I sat, fuming.
“You were late,” he continued. “So I took my lunch break early. I gave you a ten-minute grace period. You still didn’t show.”
He opened his notepad without looking at me.
“And I prefer you address me as Dr. Peterson.”
I scoffed, irritation prickling at my skin. So that woman in the hallway could call him Blake, but I had to be formal? Who even was she to him?
“The task wasn’t meant to agitate you to this extent,” he added. “I apologize for the oversight.”
He skimmed his notepad with those annoyingly calm eyes.
“How about you tell me what about the task was particularly difficult?” he said. “What do you usually do before bed, Asher?”
I couldn’t exactly answer that. Not truthfully.
Usually, every Friday night, I give Kaleb a show, the kind he pays for. And every other night? I send him sexy photos. Nothing too explicit, just enough to keep him hooked. Sometimes I messaged other guys, but it wasn’t the same. They didn’t pay as much. They didn’t get my heart racing like he did.
Which was stupid. As fuck.
He was a man on a screen. For all I knew, Kaleb could be some fifty-year-old creep with a foot fetish and a VPN.

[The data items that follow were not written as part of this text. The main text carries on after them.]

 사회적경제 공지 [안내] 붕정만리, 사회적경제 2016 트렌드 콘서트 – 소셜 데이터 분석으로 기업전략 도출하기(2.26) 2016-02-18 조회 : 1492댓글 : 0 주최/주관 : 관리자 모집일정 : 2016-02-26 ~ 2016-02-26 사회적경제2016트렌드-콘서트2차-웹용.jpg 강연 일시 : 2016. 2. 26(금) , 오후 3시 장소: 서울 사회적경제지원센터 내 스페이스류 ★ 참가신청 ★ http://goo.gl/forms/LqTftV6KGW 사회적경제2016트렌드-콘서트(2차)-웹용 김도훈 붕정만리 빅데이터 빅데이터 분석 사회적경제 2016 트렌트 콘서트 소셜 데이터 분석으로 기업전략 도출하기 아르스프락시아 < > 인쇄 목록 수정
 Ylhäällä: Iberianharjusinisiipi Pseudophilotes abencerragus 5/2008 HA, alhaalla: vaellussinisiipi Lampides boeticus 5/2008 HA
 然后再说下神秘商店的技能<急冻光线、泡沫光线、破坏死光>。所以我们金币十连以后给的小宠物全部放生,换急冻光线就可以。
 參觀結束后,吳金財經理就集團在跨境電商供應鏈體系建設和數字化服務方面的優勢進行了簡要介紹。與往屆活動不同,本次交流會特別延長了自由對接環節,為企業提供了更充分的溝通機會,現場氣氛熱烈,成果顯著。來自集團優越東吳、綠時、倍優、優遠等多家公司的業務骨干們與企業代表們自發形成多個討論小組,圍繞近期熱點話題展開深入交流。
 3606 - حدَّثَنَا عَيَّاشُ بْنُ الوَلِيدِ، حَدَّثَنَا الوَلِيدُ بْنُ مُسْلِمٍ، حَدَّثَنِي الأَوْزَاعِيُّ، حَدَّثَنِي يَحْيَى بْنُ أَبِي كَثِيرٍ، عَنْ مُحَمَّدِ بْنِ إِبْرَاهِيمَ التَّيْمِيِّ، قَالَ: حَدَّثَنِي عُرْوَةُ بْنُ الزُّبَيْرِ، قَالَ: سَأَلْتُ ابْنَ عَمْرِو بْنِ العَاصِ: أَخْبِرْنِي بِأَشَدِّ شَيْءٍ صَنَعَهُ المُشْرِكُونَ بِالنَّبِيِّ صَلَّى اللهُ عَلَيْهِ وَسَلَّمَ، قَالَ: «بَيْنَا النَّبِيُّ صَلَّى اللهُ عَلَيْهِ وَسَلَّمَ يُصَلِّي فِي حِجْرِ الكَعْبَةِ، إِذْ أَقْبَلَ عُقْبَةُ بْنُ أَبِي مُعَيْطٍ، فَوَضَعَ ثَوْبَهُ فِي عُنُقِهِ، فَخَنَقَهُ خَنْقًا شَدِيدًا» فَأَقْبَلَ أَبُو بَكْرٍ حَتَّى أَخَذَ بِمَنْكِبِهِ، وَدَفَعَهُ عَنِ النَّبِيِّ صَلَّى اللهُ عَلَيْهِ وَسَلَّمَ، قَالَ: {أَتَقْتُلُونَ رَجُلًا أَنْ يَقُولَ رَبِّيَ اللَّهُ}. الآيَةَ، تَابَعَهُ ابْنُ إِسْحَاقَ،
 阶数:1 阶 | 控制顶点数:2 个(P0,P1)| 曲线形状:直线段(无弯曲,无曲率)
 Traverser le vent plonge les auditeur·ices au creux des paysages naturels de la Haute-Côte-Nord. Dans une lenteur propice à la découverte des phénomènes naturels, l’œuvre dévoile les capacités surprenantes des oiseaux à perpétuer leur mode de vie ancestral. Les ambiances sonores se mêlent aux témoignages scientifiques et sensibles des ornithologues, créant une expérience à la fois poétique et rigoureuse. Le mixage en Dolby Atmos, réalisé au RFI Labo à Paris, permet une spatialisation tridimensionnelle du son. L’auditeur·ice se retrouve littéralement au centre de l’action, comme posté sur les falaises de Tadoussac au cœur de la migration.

But in my gut, I knew he wasn’t.
He’d sent me clothes, after all. A package that smelled... good. Not just clean-laundry good, either. It smelled like spring. Like something personal.
I liked it. I wore that oversized shirt too often.
Dr. Peterson was still staring at me, waiting for an answer. Obviously I wasn’t going to tell him the truth.
He narrowed his hazel eyes at me. Today, his hair was slightly less neat than usual, like he’d run his hands through it a hundred times. I hated that he was still handsome. Hated his hot-but-professional outfit. The kind that was perfectly tailored but casual enough to seem effortless. The kind of look only someone unfairly attractive could pull off without trying.
He had a bit of scruff today too, and his serious gaze made me feel like he could see right through me. His hands were large and masculine as he toyed with the pen in his grip.
He didn’t sit like a therapist. Not the crossed-legs, sweater-vest type. He sat with his legs spread like he owned the room, spine straight, energy controlled but powerful.
I hated it.
“I don’t usually do anything before bed,” I said, flatly.
He nodded, almost amused, and jotted something down.
“What about yesterday?” he asked. “Anything special?”
Jesus.
“No. Well. I don’t remember. Bad memory and all.”
He nodded again like he believed me. Which was insulting.
“Let’s try something new.”
He stood.
He was tall enough to easily overpower me, which I knew wasn’t the point of the moment but still sent a bolt of something uncomfortable through my chest.
I watched as he rifled through a drawer and pulled out a folded red cloth. He smoothed it into a triangle between his fingers.